Неожиданно пружины заскрипели и с другого края кровати послышалось:

– Уиллоу!

Она промолчала.

– Уиллоу, вы не спите?

Естественно, она не могла заснуть. Но лучше молчать. Тогда Брэнд подумает, что она спит, и наконец-то оставит ее в покое.

– Знаю, что не спите, Уиллоу.

Притворяться было бессмысленно. Она вздохнула, повернувшись на другой бок, постаралась, как можно дальше отодвинуться к краю постели.

– Чего вы хотите от меня, Брэнд? – проговорила она довольно резко. Может быть, он поймет, что у нее нет никакого желания продолжать разговор.

– Мне не спится. Давайте поговорим.

– О чем же?

Он приподнялся на локте и погасил лампу. Светила полная луна, и в ее тусклом свете – свет сочился сквозь занавески – Уиллоу разглядела обнаженный торс Брэнда.

– Давайте лучше, спать, – сказала она. – Завтра много дел.

Он молча протянул руку и нащупал высокий воротник ее рубашки.

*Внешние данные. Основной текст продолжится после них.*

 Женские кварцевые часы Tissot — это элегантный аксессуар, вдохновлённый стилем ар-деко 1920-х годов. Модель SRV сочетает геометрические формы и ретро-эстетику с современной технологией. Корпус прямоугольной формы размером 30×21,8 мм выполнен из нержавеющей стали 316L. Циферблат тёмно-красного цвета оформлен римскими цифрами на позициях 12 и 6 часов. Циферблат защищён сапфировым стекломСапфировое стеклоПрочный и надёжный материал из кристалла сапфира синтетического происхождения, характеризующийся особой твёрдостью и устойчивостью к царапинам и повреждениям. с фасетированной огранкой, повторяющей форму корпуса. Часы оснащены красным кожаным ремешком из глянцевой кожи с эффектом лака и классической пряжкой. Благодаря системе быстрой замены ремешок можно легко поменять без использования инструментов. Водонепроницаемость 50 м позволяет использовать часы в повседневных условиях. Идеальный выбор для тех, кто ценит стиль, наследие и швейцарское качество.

– Пожалуй, это самая нелепая одежда, которую мне приходилось когда-либо видеть на женщине. Вам совершенно не идет.

Уиллоу пристально посмотрела ему в глаза, но промолчала. Хотя прекрасно поняла, что слова Брэнда – своего рода призыв. И она старалась не обращать внимания на его руку, теребившую рукав ее рубашки.

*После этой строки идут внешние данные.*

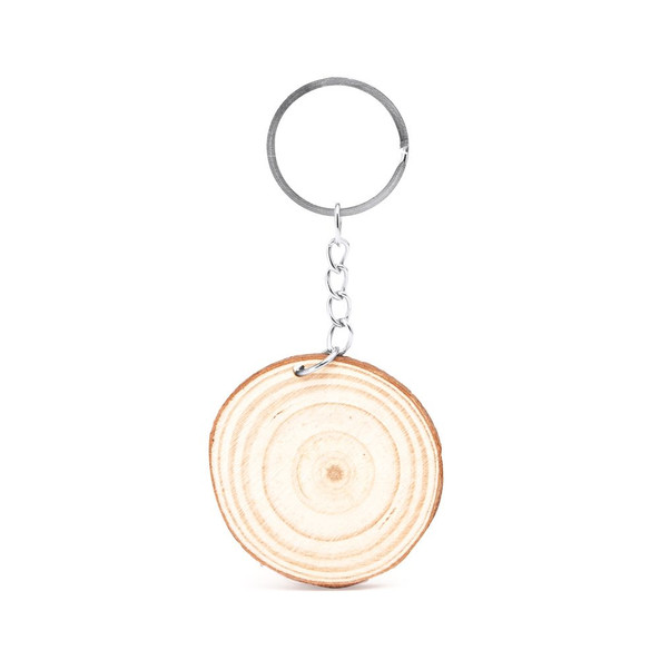BUDAN Natural wood cut keyring with metal ring - REDONDO - EgotierPro KO4054

– Какая ужасная ткань! – воскликнул Брэнд. – Словно лошадиная шкура. – Он провел ладонью по рукаву ее рубашки. – Наверное, раздражает кожу?

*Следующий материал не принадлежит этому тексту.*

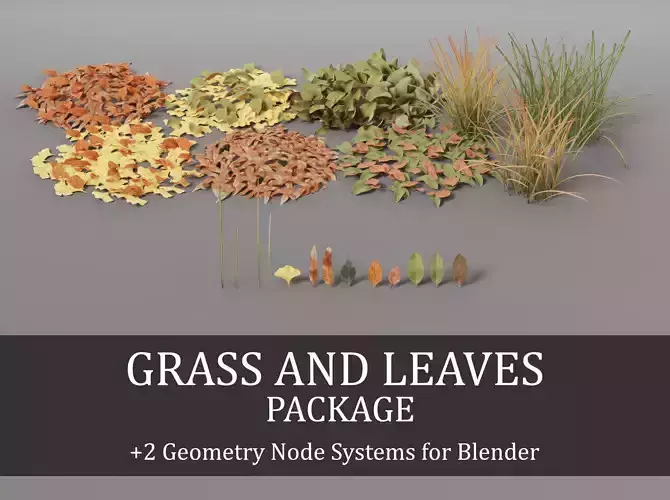 Grass and leaves package + 2 Geometry nodes for Blender contains:

«Господи, еще как! – Уиллоу невольно, поморщилась. – Зуд во всем теле, как при чесотке! Но что поделаешь? Все равно это лучше, чем лежать нагой рядом с мужчиной, чьи чары могут расшевелить даже монахиню».

– Нет, что вы, – соврала Уиллоу. И тут же вздрогнула – ей показалось, она снова облизнула губы. Или нет? Ведь Брэнд мог легко распознать ложь.

Уиллоу посмотрела в его глаза, но не заметила в них никакой перемены.

– От такой одежды с ума можно сойти, – продолжал Брэнд, поглаживая Уиллоу по плечу. Она снова поморщилась. – Ткань такая колючая… Будто в ладонь вонзаются тысячи иголочек. Не представляю, как вы выдерживаете это мучение.

Уиллоу передернула плечами; все тело горело – то ли от прикосновений Брэнда, то ли от колючей рубашки.

– Может быть, лучше снять ее?

Она покачала головой, и волнистая каштановая прядь упала ей, на глаза. Брэнд осторожно убрал волосы с ее лица. Потом его пальцы скользнули к шее Уиллоу, туда, где под перламутровыми пуговками пульсировала жилка.

Брэнд все больше распалялся, однако он уже давно решил, что в эту ночь между ними ничего не должно произойти. Да, он вовсе не собирался соблазнять Уиллоу – хотел лишь подразнить ее, чтобы она поняла, чего лишила себя.

Правда, с каждой минутой Брэнду становилось все труднее сдерживать себя. К тому же он нисколько не сомневался в том, что и она сгорает от жажды близости.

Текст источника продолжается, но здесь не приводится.